* _Activity_:
Leaving pictures aside, restate exactly the lines of the data below, from the first one through the line that contains "أساور أذن على".
* * *
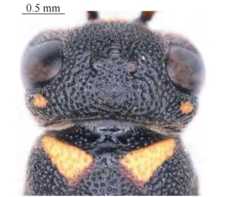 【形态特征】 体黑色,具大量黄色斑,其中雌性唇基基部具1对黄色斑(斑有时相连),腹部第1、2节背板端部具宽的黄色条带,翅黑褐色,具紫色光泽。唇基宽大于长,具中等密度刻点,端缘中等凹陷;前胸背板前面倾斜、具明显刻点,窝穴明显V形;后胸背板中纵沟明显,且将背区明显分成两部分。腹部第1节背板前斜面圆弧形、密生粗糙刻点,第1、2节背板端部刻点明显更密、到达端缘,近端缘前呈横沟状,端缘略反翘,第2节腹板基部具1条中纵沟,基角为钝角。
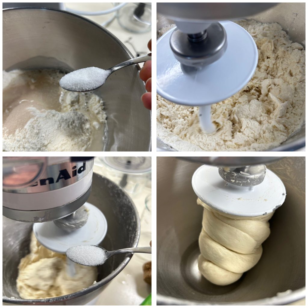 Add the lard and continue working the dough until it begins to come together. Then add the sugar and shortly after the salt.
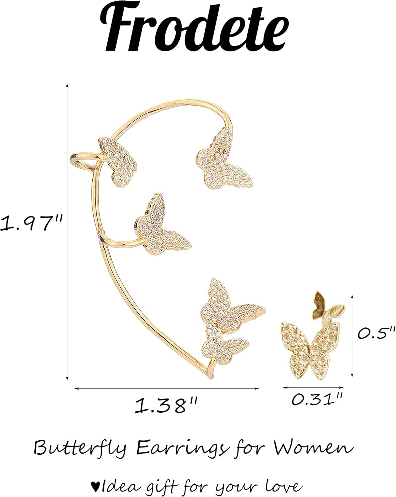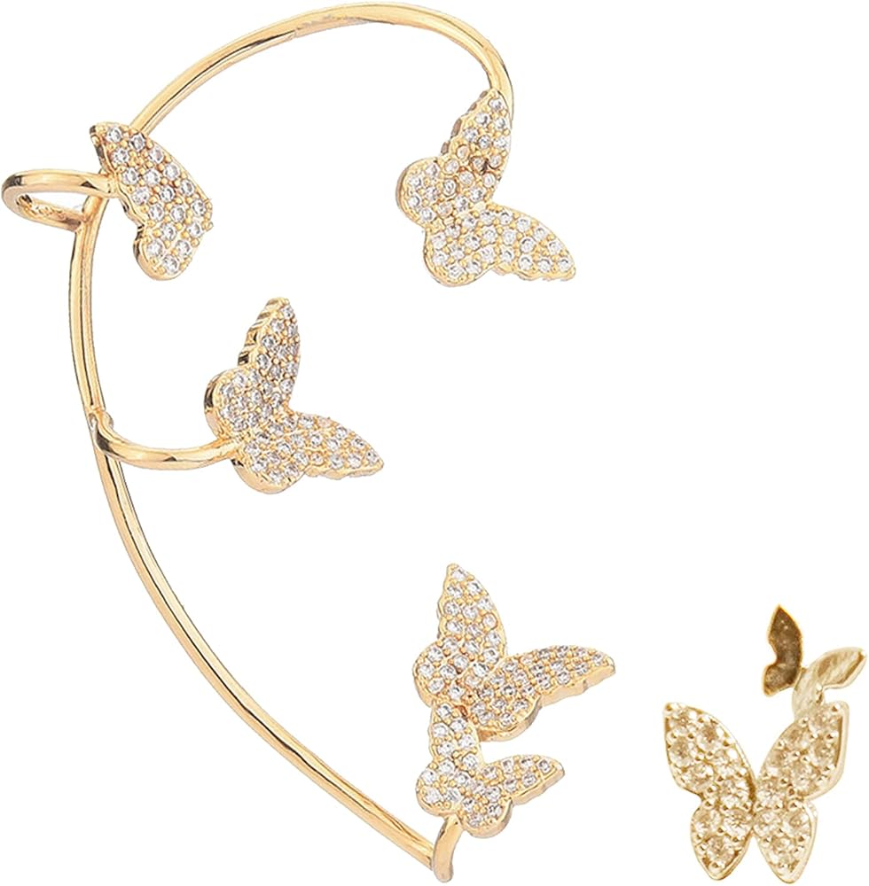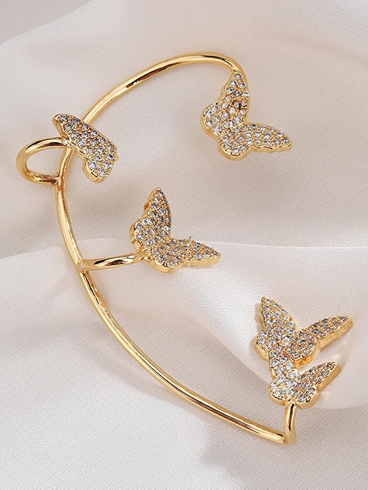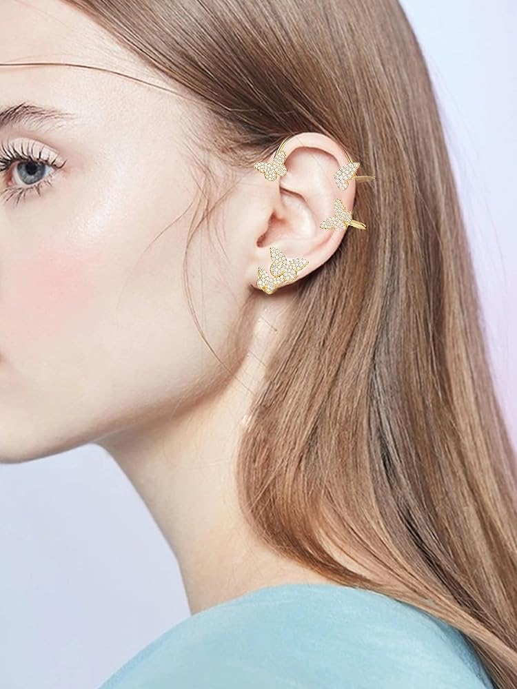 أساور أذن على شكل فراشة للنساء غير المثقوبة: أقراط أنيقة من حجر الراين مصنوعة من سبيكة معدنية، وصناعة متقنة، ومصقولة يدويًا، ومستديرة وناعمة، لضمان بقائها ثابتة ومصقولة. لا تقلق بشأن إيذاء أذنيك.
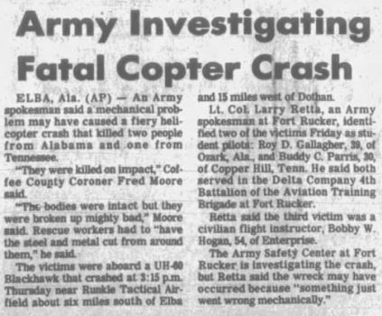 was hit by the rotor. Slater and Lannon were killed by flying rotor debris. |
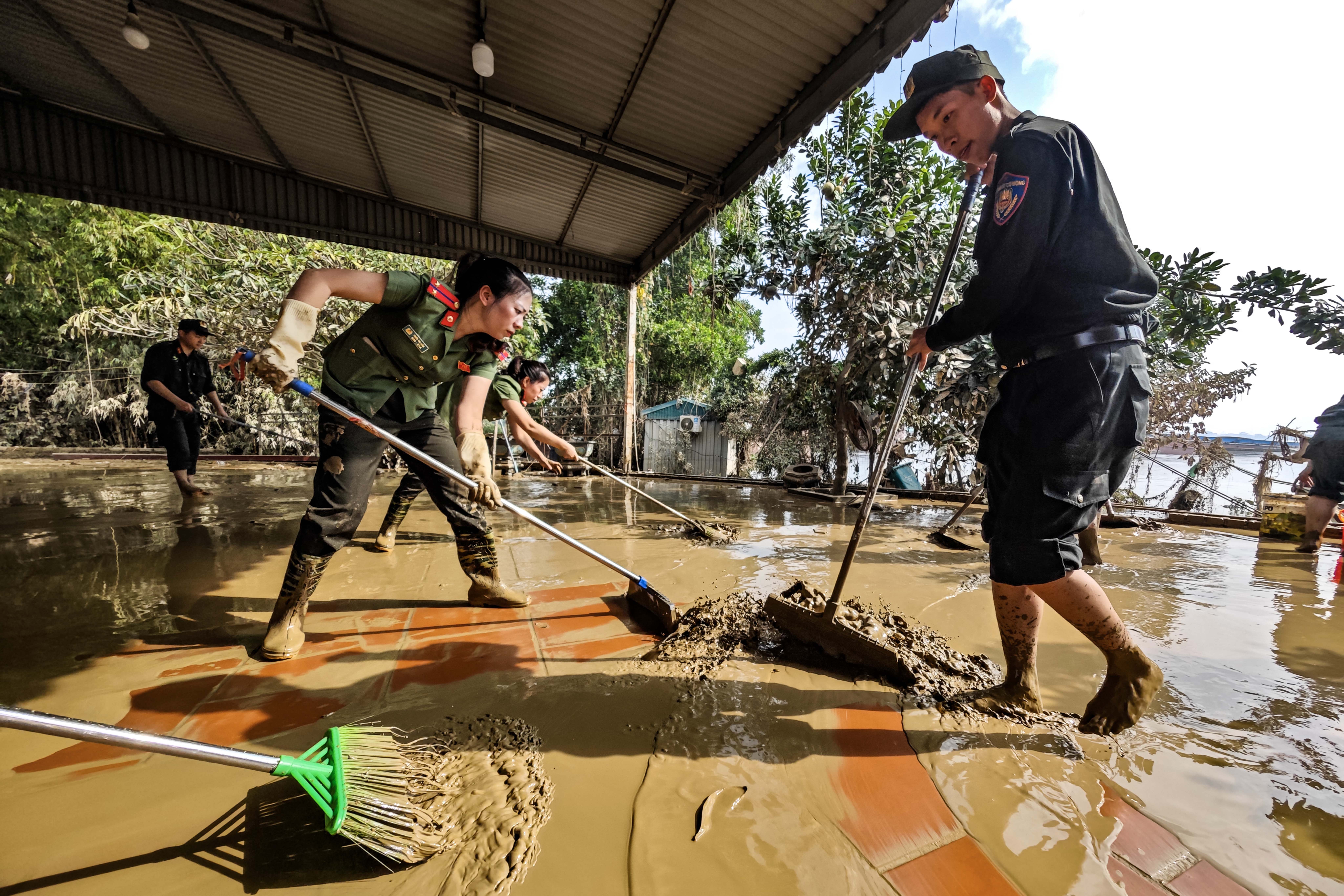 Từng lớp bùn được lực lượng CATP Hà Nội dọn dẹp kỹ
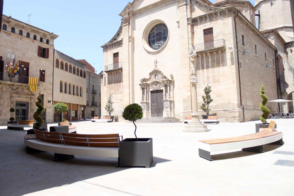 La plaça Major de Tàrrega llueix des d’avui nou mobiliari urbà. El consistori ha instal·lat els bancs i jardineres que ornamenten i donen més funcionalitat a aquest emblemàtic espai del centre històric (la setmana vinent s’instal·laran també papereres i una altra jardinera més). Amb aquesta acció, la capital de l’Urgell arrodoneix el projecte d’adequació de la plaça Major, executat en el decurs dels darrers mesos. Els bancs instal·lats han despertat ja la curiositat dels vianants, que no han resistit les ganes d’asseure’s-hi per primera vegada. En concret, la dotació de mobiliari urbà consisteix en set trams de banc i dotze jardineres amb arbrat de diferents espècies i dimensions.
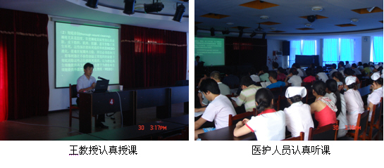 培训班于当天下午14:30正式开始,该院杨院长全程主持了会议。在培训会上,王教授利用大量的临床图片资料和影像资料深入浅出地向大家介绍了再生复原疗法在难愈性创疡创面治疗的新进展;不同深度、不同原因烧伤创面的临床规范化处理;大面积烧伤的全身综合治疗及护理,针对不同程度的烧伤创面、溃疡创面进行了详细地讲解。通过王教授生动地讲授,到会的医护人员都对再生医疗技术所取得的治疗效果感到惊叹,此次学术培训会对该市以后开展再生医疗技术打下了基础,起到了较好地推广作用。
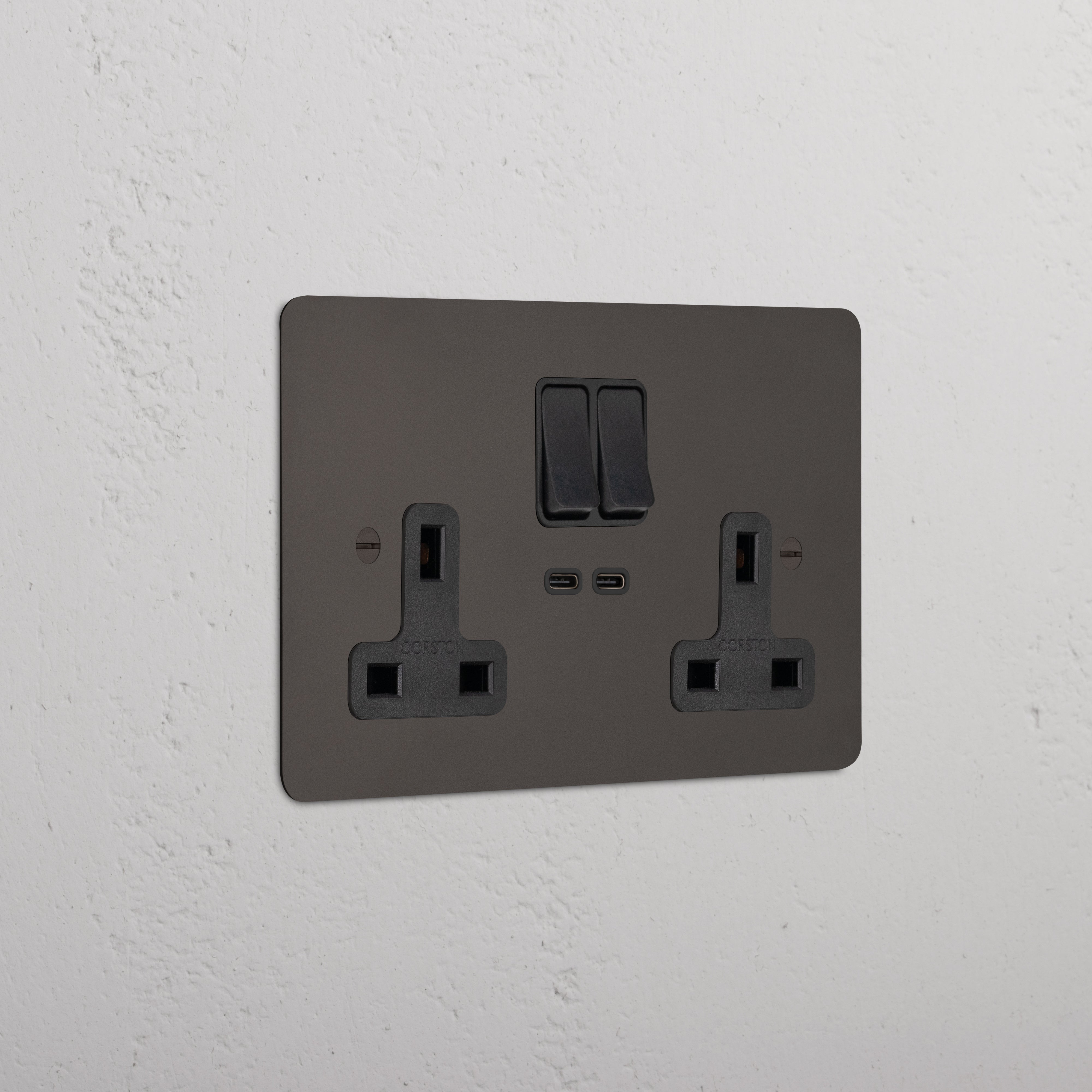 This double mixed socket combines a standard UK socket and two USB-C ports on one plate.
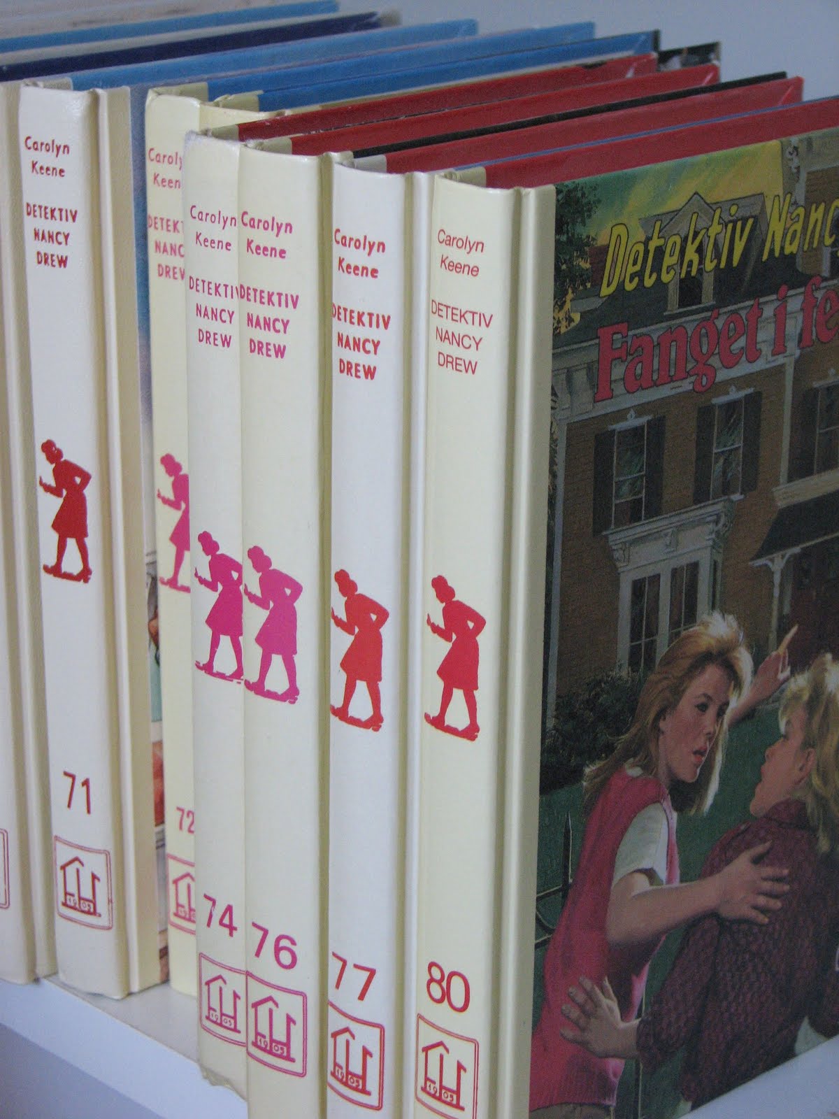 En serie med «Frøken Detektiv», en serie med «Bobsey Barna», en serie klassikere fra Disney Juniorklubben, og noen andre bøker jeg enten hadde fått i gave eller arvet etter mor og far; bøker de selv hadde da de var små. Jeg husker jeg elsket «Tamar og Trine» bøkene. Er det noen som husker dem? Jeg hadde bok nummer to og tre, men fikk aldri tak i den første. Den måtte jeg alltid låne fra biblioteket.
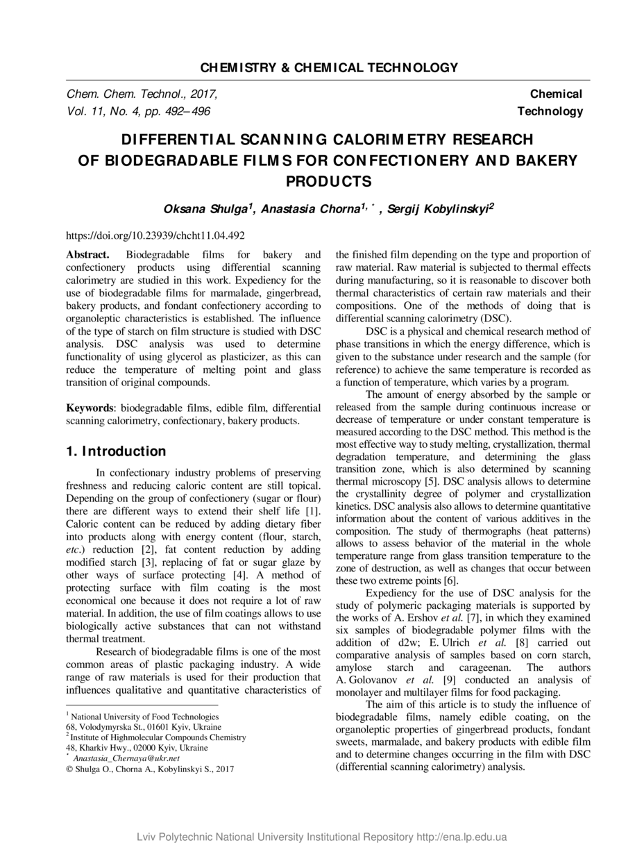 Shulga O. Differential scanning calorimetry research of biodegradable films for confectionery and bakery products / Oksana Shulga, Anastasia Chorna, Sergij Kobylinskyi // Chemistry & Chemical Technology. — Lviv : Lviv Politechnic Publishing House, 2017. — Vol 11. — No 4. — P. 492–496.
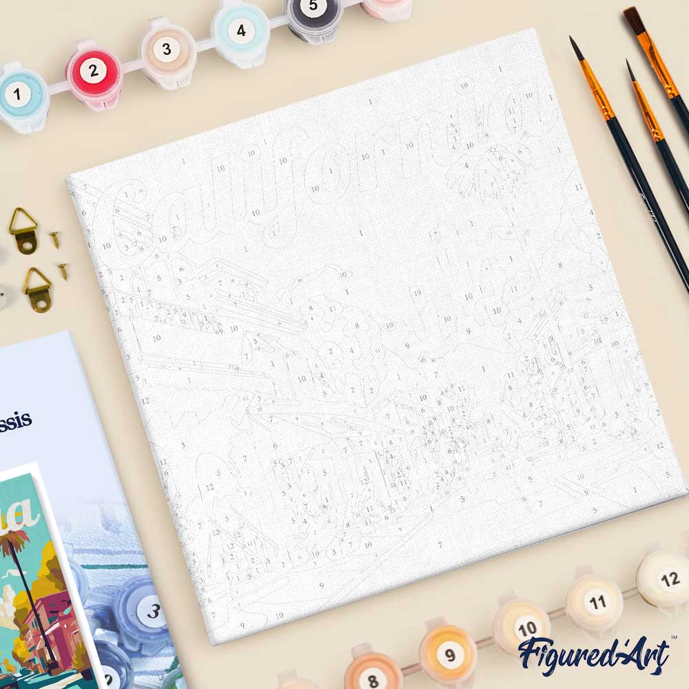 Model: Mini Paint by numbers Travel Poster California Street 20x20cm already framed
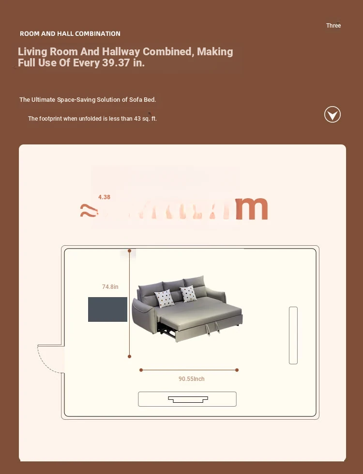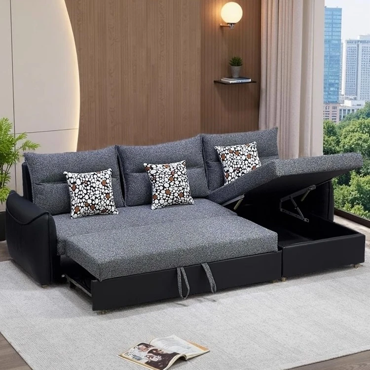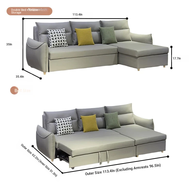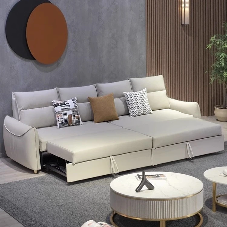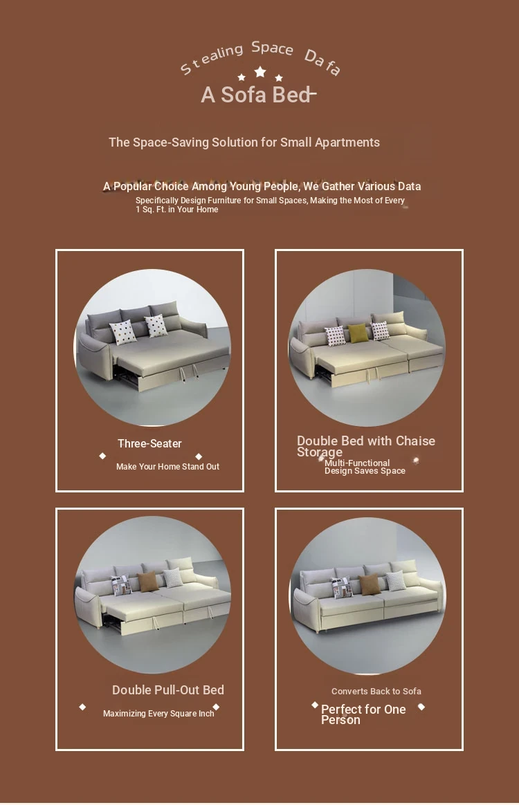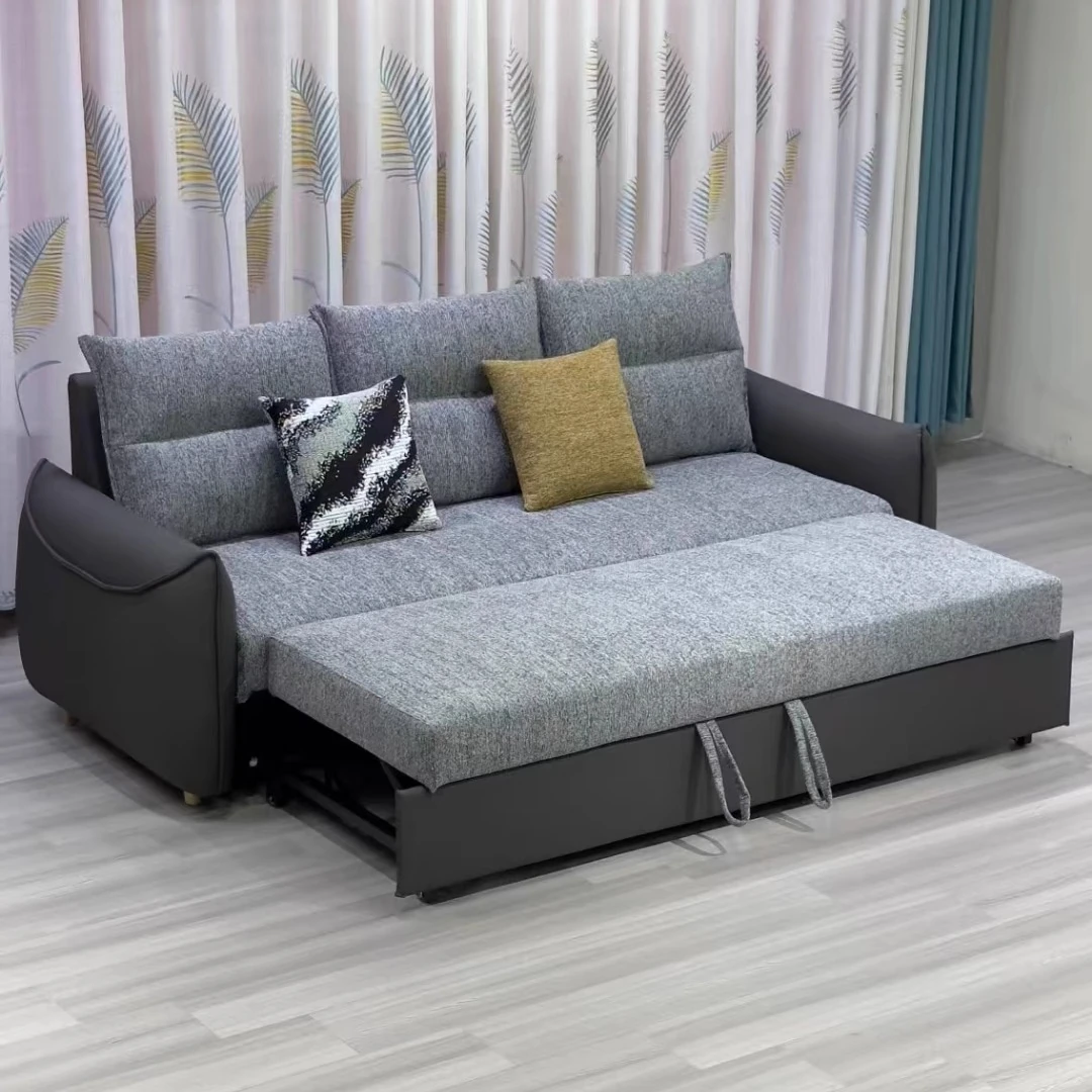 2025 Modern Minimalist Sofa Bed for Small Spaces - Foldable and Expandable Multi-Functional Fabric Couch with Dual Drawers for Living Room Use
* * *
* _Answer_:
 【形态特征】 体黑色,具大量黄色斑,其中雌性唇基基部具1对黄色斑(斑有时相连),腹部第1、2节背板端部具宽的黄色条带,翅黑褐色,具紫色光泽。唇基宽大于长,具中等密度刻点,端缘中等凹陷;前胸背板前面倾斜、具明显刻点,窝穴明显V形;后胸背板中纵沟明显,且将背区明显分成两部分。腹部第1节背板前斜面圆弧形、密生粗糙刻点,第1、2节背板端部刻点明显更密、到达端缘,近端缘前呈横沟状,端缘略反翘,第2节腹板基部具1条中纵沟,基角为钝角。
 Add the lard and continue working the dough until it begins to come together. Then add the sugar and shortly after the salt.
 أساور أذن على شكل فراشة للنساء غير المثقوبة: أقراط أنيقة من حجر الراين مصنوعة من سبيكة معدنية، وصناعة متقنة، ومصقولة يدويًا، ومستديرة وناعمة، لضمان بقائها ثابتة ومصقولة. لا تقلق بشأن إيذاء أذنيك.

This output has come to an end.